Task directions:
Restate, word for word, the run of lines that starts at the line containing "Kék bársony, fémszállal" and ends with the final line of the listing. Leave pictures out.

Information given:
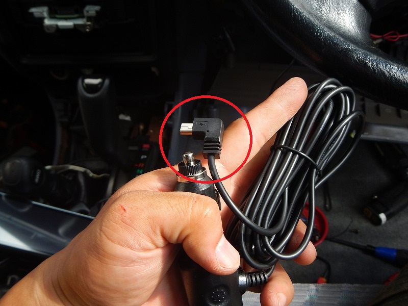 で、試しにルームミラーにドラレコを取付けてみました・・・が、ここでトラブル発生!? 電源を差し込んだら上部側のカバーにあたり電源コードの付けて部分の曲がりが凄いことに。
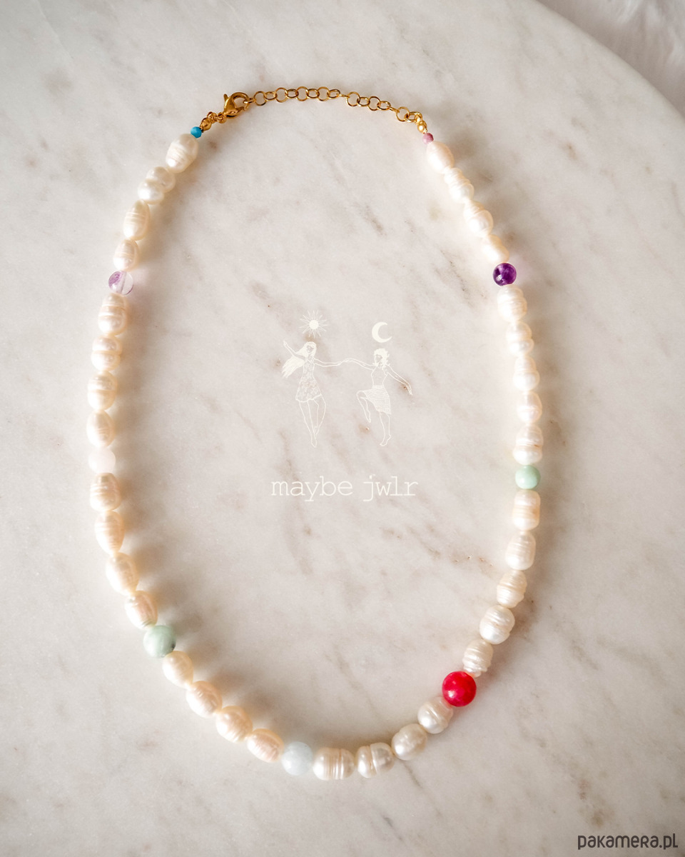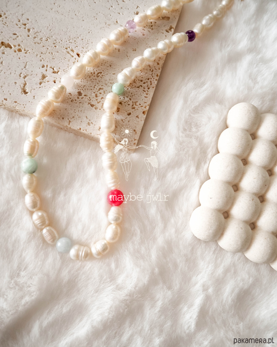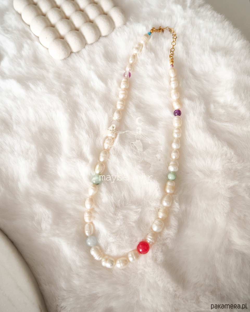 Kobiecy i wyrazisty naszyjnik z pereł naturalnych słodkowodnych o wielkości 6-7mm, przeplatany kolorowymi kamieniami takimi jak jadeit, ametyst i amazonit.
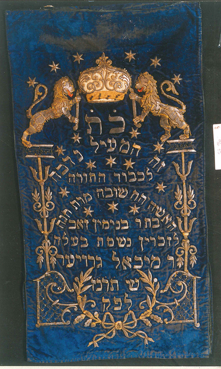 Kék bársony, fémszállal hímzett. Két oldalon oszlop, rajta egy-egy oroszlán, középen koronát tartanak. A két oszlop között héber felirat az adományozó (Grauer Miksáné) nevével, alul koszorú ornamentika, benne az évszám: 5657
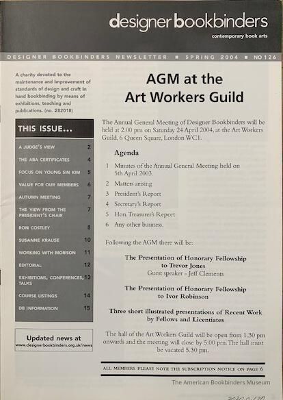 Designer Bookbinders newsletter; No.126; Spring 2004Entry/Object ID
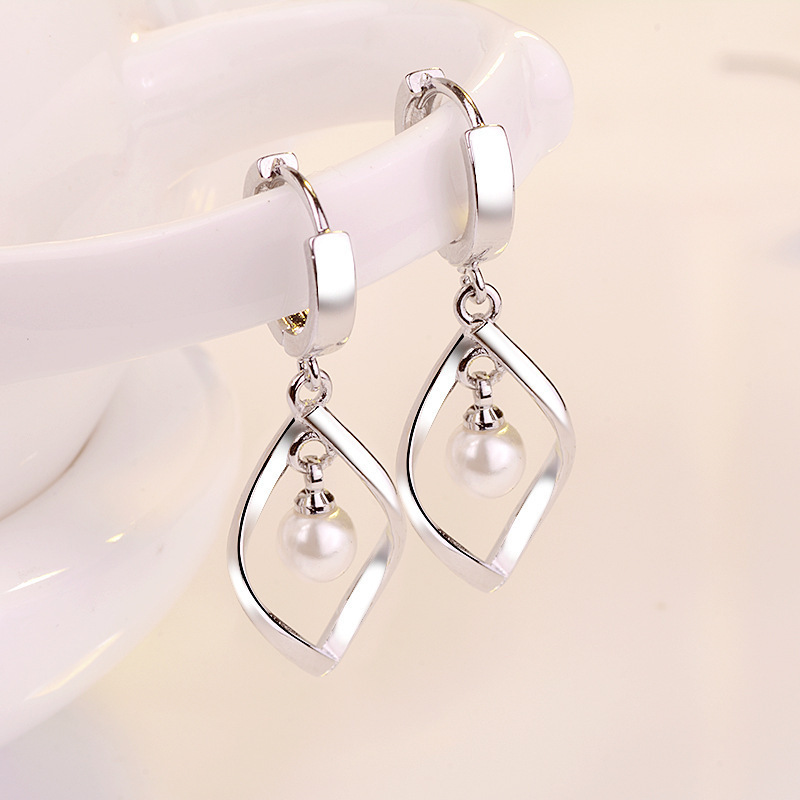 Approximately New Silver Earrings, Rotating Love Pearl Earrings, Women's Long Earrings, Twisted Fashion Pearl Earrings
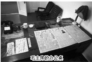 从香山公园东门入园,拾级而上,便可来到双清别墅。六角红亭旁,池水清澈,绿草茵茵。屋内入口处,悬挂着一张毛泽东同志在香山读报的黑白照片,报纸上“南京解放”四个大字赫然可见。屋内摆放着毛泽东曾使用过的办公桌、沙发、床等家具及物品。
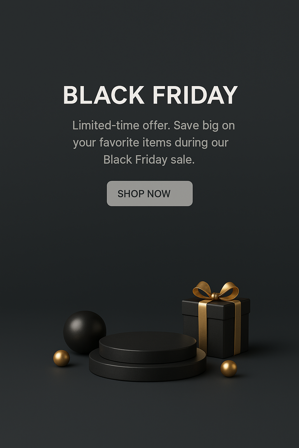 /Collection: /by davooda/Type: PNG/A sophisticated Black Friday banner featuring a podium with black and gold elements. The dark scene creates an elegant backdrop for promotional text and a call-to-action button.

The answer:
 Kék bársony, fémszállal hímzett. Két oldalon oszlop, rajta egy-egy oroszlán, középen koronát tartanak. A két oszlop között héber felirat az adományozó (Grauer Miksáné) nevével, alul koszorú ornamentika, benne az évszám: 5657
 Designer Bookbinders newsletter; No.126; Spring 2004Entry/Object ID
 Approximately New Silver Earrings, Rotating Love Pearl Earrings, Women's Long Earrings, Twisted Fashion Pearl Earrings
 从香山公园东门入园,拾级而上,便可来到双清别墅。六角红亭旁,池水清澈,绿草茵茵。屋内入口处,悬挂着一张毛泽东同志在香山读报的黑白照片,报纸上“南京解放”四个大字赫然可见。屋内摆放着毛泽东曾使用过的办公桌、沙发、床等家具及物品。
 /Collection: /by davooda/Type: PNG/A sophisticated Black Friday banner featuring a podium with black and gold elements. The dark scene creates an elegant backdrop for promotional text and a call-to-action button.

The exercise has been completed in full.